Try it online! The linked version has v repaced by &v, because of changes in the language after this answer was posted.

' ''.:'               % pattern string. Will indexed into, twice: first for reading 
                      % the input and then for generating the ouput
t                     % duplicate this string
j                     % input string
w                     % swap
4#m                   % index of ocurrences of input chars in the pattern string
qB                    % subtract 1 and convert to binay. Gives 2-row logical array
GnXKq:QKEh1Kq:K+hv!   % (painfully) build two-column index for rotation
)                     % index into logical array to perform the rotation
XBQ                   % transform each row into 1, 2, 3 or 4
)                     % index into patter string. Implicitly display

Perl, 144 142 137 131 bytes

y/.':/1-3/;s/./sprintf'%02b ',$&/ge;@a=/\b\d/g;@b=(/\d\b/g,pop@a);@a=(shift@b,@a);say map{substr" .':",oct"0b$a[$_]$b[$_]",1}0..@a

Byte added for the -n flag.

Pretty much the same algorithm as my Ruby answer, just shorter, because... Perl.

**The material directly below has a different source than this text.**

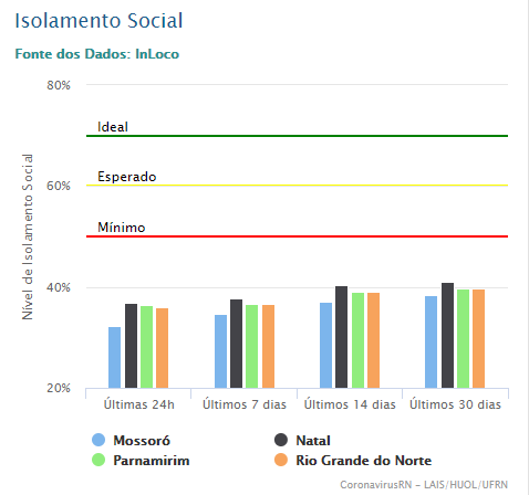 A seguir, portanto, está um gráfico mostrando como está o isolamento social. Além disso, mostra está muito aquém do esperado pela Organização Mundial de Saúde (OMS).

y/.':/1-3/;                         # transliterate [ .':] to [0123]
s/./sprintf'%02b ',$&/ge;           # convert each digit to 2-digit binary
@a=/\b\d/g;                         # grab the 1st digit of each pair
@b=(/\d\b/g,                        # 2nd digit of each pair
pop@a);                             # push the last element of a to b
@a=(shift@b,@a);                    # unshift the first element of b to a
say                                 # output...
map{                                # map over indices of a/b
substr" .':",oct"0b$a[$_]$b[$_]",1  # convert back from binary, find right char
}0..@a                              # @a is length of a

Obnoxiously, @a=(shift@b,@a) is shorter than unshift@a,shift@b.

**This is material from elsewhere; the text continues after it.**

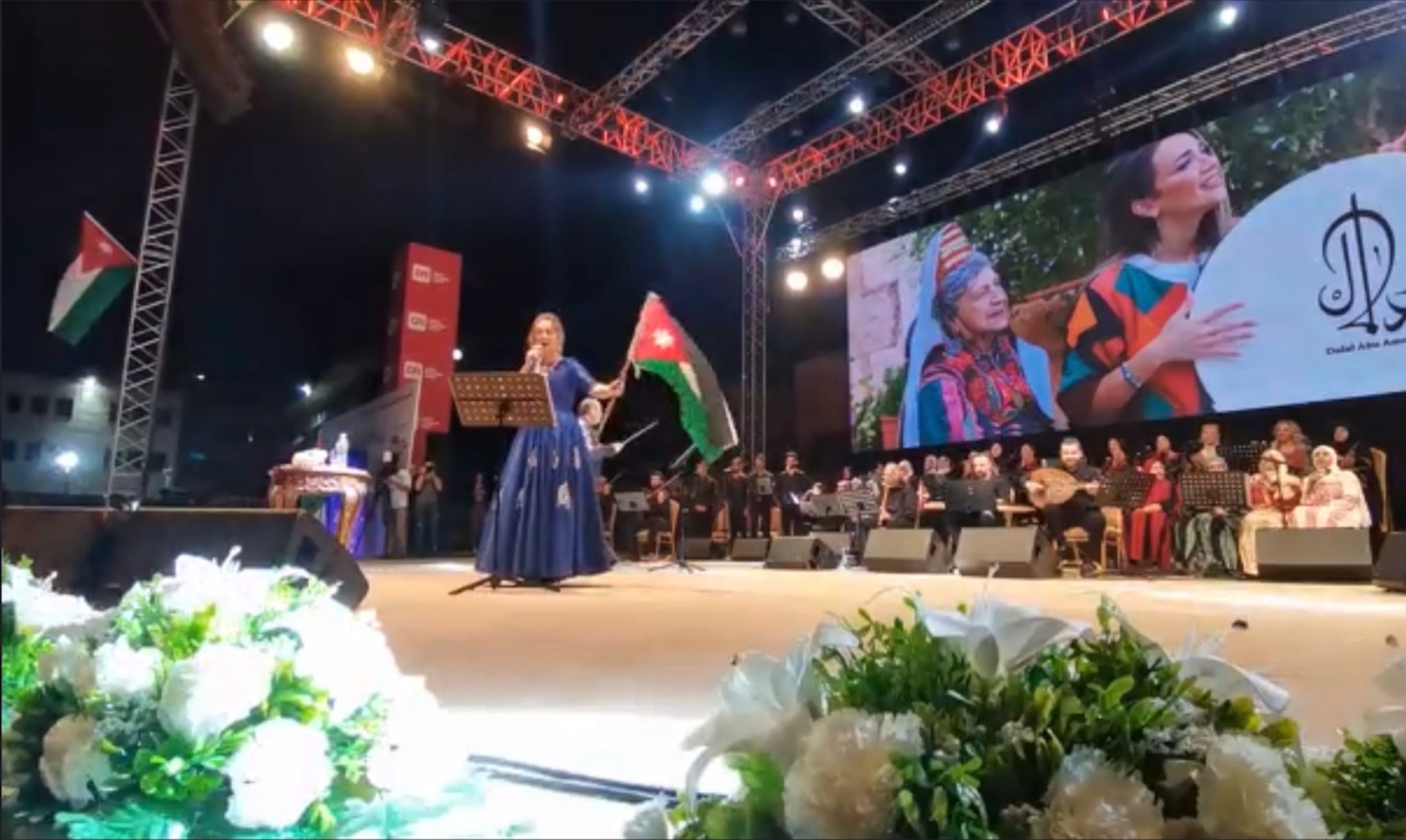 | الفنانة الفلسطينية دلال ابو آمنة تزهو بالعلم الاردني بحفلها في "مهرجان الفحيص" فيديو |

Alas, these are the same length:

y/ .':/0-3/;s/./sprintf'%02b ',$&/ge;
s/./sprintf'%02b ',index" .':",$&/ge;

Thanks to Ton Hospel for 5 bytes and msh210 for a byte!

JavaScript (ES6), 237 210 204 188 182 178 bytes

Credit to @Downgoat for saving 16 bytes in the 188-byte revision

Update: I had a brainwave and reduced the first operation on s to a single map call instead of two separate ones

s=>(r=" .':",a=[],s=[...s].map(c=>(t=('00'+r.indexOf(c).toString(2)).slice(-2),a.push(t[0]),t[1])),a.splice(0,0,s.shift()),s.push(a.pop()),a.map((v,i)=>r[+('0b'+v+s[i])]).join``)

Pretty Print & Explanation

s => (
  r = " .':", // Map of characters to their (numerical) binary representations (e.g. r[0b10] = "'")
  a = [],     // extra array needed
  // Spread `s` into an array
  s = [...s].map(c => (
    // Map each character to a `0`-padded string representation of a binary number, storing in `t`
    t = ('00' + r.indexOf(c).toString(2)).slice(-2)),
    // Put the first character of `t` into `a`
    a.push(t[0]),
    // Keep the second character for `s`
    t[1]
  )),
  // Put the first character of `s` in the first index of `a`
  a.splice(0,0,s.shift()),
  // Append the last character of `a` to `s`
  s.push(a.pop(),
  // Rejoin the characters, alternating from `a` to `s`, representing the rotated matrix, and map them back to their string representation
  // Use implicit conversion of a binary number string using +'0b<num>'
  a.map((v,i) => r[+('0b' + v + s[i])]).join``
)